Playing the piano requires complex and highly skilled movements, and relearning tasks involves the restoration and retraining of specific movements or skills. Our robotic glove is composed of soft, flexible materials and sensors that provide gentle support and assistance to individuals to relearn and regain their motor abilities.
Erik Engeberg
They developed a pool of 12 distinct error types that might occur at the start or finish of a note or as a result of timing problems that were either premature or delayed and sustained for 0.1, 0.2, or 0.3 seconds. Three groups of three variations each made comprised the ten various song versions, and the proper tune played flawlessly as well.
To classify the song variations, Random Forest (RF), K-Nearest Neighbor (KNN) and Artificial Neural Network (ANN) algorithms were trained with data from the tactile sensors in the fingertips.
The robotic glove was used both independently and while being worn by a person to detect variations between the right and wrong versions of the song. To categorize the correct and incorrect song versions with and without the human subject, the accuracy of various algorithms was compared.
Results of the study, published in the journal Frontiers in Robotics and AI, demonstrated that the ANN algorithm had the highest classification accuracy of 97.13 percent with the human subject and 94.60 percent without the human subject.
The system correctly identified key hits that were out of sync and calculated the percentage inaccuracy of a particular song. These results show the smart robotic glove’s potential to help disabled people regain dexterity skills like playing musical instruments.
The robotic glove was created by researchers combining hydrogel casting and 3D printed polyvinyl acid stents to combine five actuators into a single wearable device that adapts to the user’s hand.
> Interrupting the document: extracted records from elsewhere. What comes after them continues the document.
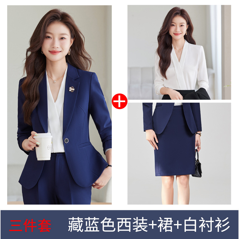 • 네이비 블루 재킷 + 3085 신축성 있는 중간 길이 스커트 + 689 흰색 셔츠
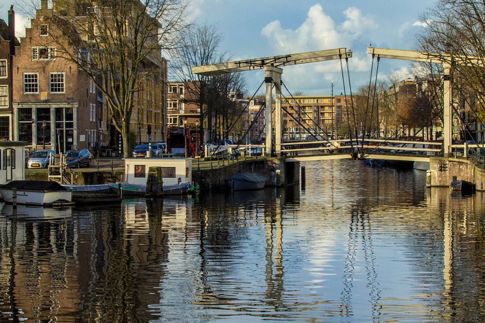 Ophaalbrug, Amsterdam, Brug, Grachten, Grachtenpanden, Woonboot, Water, Wolken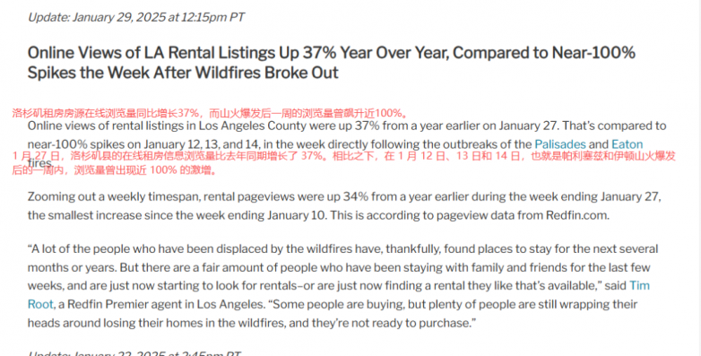 Online Views of LA Rental Listings Up 37% Year Over Year, Compared to Near-100% Spikes the Week After Wildfires Broke Out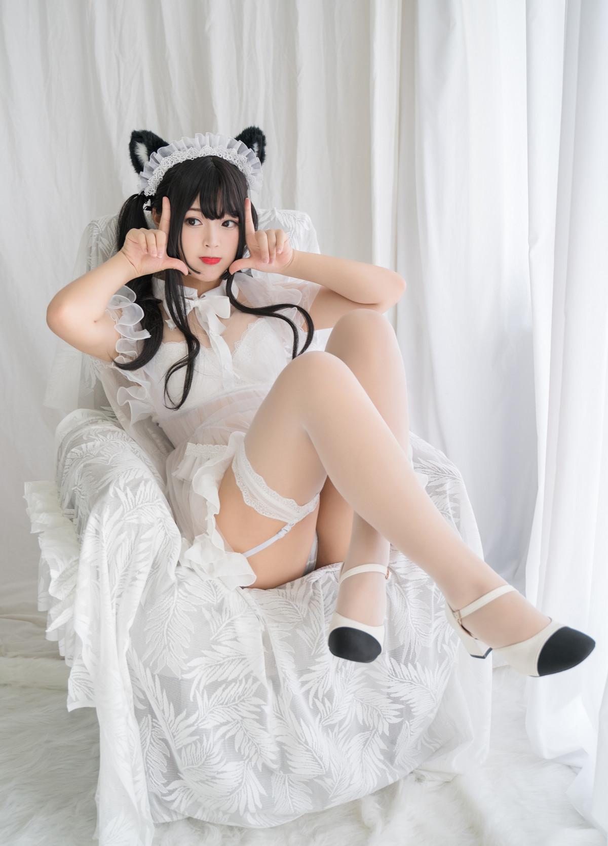 萌系小姐姐白烨白猫透明女仆主题性感白色透明女仆裙配白丝吊袜秀丰满身材诱惑写真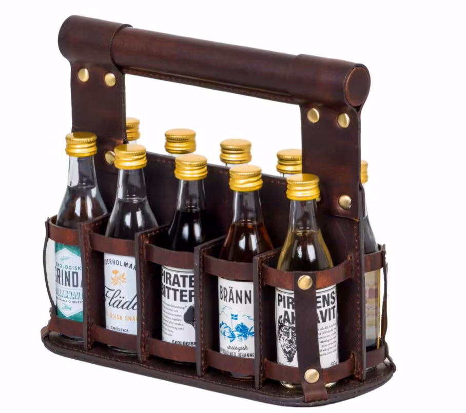 Brännö snapsväska 10 är en elegant och hållbar väska tillverkad av äkta buffelskinn. Den rymmer tio små flaskor och är perfekt för gåvor, högtider, provningar eller när du vill transportera snaps med stil.

Using 3D scanning technologies or CT scans, the production process might be modified to fit the form factor to each patient’s specific anatomy.
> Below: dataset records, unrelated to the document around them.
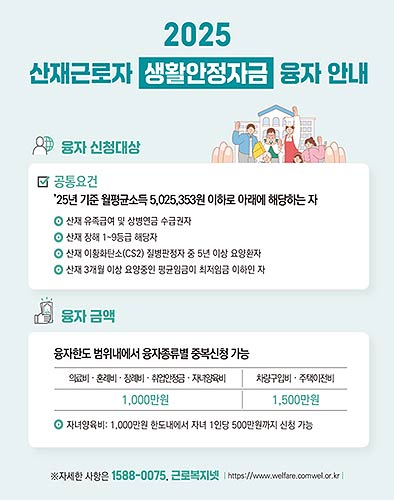 기존 산재근로자 생활안정자금 융자사업은 3인 가구 기준 중위소득(월 5,025,353원) 이하의 산재근로자 중 ▲산재장해 제1~9급 ▲유족급여 또는 상병보상연금 수급자 ▲이황화탄소(CS2) 중독으로 5년 이상 요양 중인 사람 등에게 의료비, 혼례비, 장례비, 차량구입비, 주택이전비, 취업안정자금 등 생계형 자금을 연간 150억 규모로 지원해 왔다.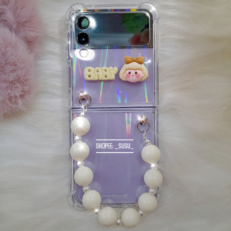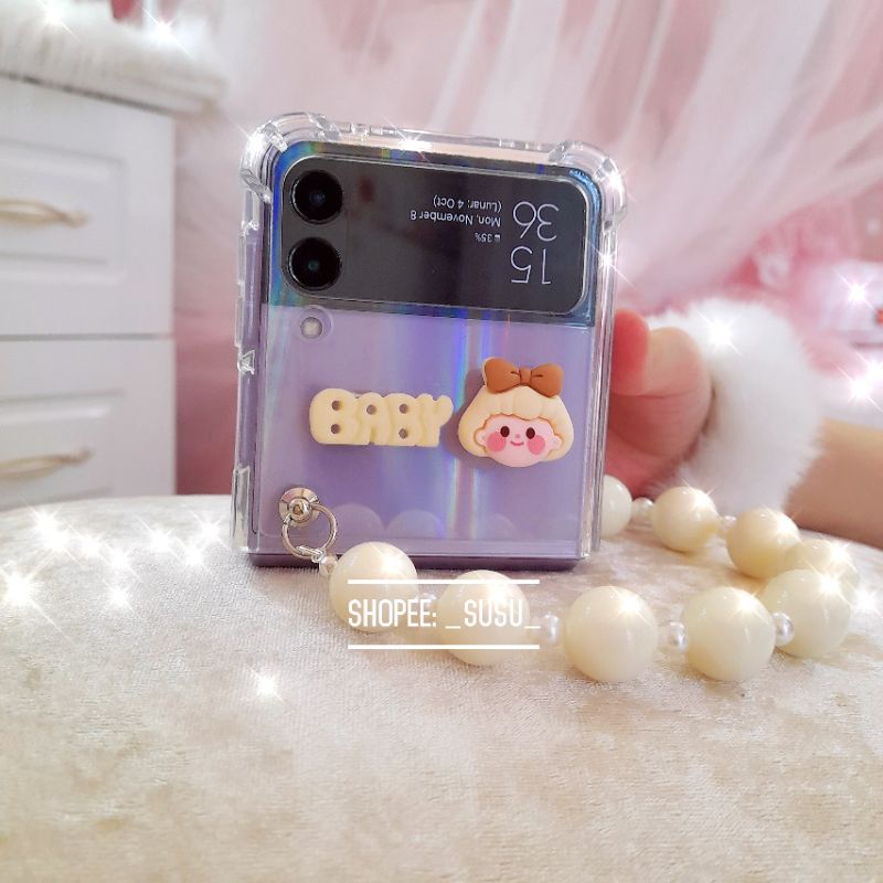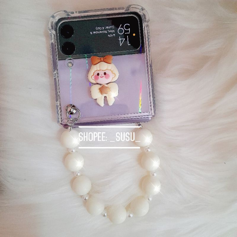[HÌNH THẬT CÓ SẴN] Ốp trong suốt Samsung Galaxy Z Flip 3 – ZFlip 3 – ZFlip3 – Flip3 5G charm siêu đáng yêu kèm dây hạt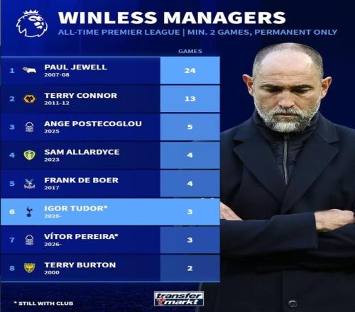 北京时间3月7日,在图多尔遭遇执教托特纳姆热刺开局三连败的情况下,德转统计出了英超历史新帅开局最长不胜排行榜,图多尔位列第6,波斯特科格鲁、阿勒代斯、弗兰克-德波尔以及维托尔-佩雷拉上榜。

“Our design is significantly simpler than most designs as all the actuators and sensors are combined into a single molding process,” said Engeberg. “Importantly, although this study’s application was for playing a song, the approach could be applied to myriad tasks of daily life and the device could facilitate intricate rehabilitation programs customized for each patient.”
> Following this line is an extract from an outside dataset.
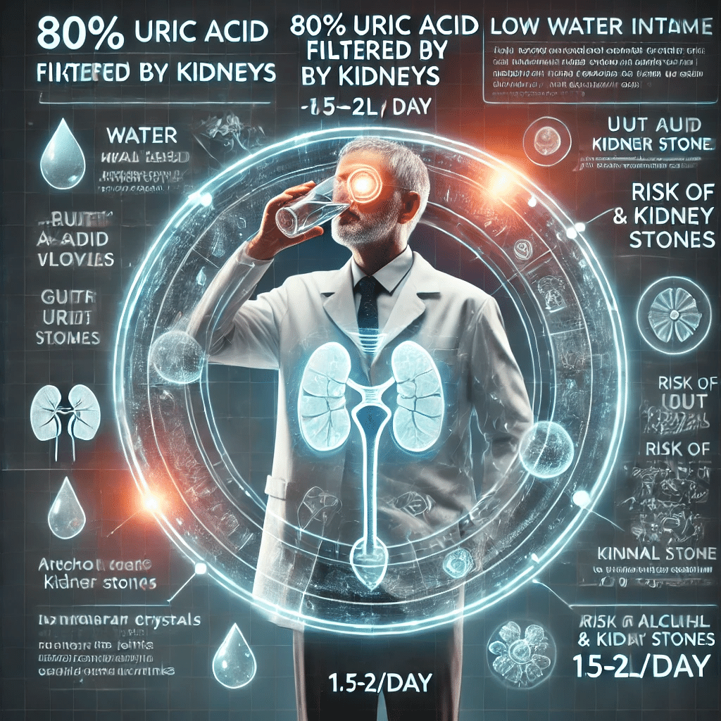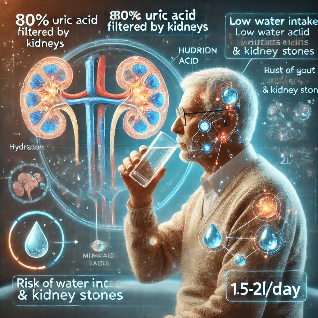 尿酸の約80%は腎臓で濾過され尿として排泄されますが、水分摂取量が不足すると尿の量が減り、尿酸が体内に滞りやすくなり、これにより血中尿酸値が上昇し、尿酸結晶が関節や腎臓に沈着して痛風や尿路結石を招くリスクが高まります。

Clinicians might use the information to create individualized action plans to identify a patient’s weak points, which might show up as songs that are repeatedly played incorrectly, and which motor skills need to be strengthened. The rehabilitation staff may choose harder songs as patients advance in a game-like progression to offer a personalized path to improvement.
“The technology developed by professor Engeberg and the research team is truly a gamechanger for individuals with neuromuscular disorders and reduced limb functionality,” said Stella Batalama, Ph.D., dean of the FAU College of Engineering and Computer Science. “Although other soft robotic actuators have been used to play the piano; our robotic glove is the only one that has demonstrated the capability to ‘feel’ the difference between correct and incorrect versions of the same song.”
Study co-authors are Maohua Lin, first author, and a Ph.D. student; Rudy Paul, a graduate student; and Moaed Abd, Ph.D., a recent graduate; all from the FAU College of Engineering and Computer Science; James Jones, Boise State University; Darryl Dieujuste, a graduate research assistant, FAU College of Engineering and Computer Science; and Harvey Chim, M.D., a professor in the Division of Plastic and Reconstructive Surgery at the University of Florida.
The National Institute of Biomedical Imaging and Bioengineering of the National Institutes of Health (NIH), the National Institute of Aging of the NIH and the National Science Foundation supported this research. This research was supported in part by a seed grant from the FAU College of Engineering and Computer Science and the FAU Institute for Sensing and Embedded Network Systems Engineering (I-SENSE).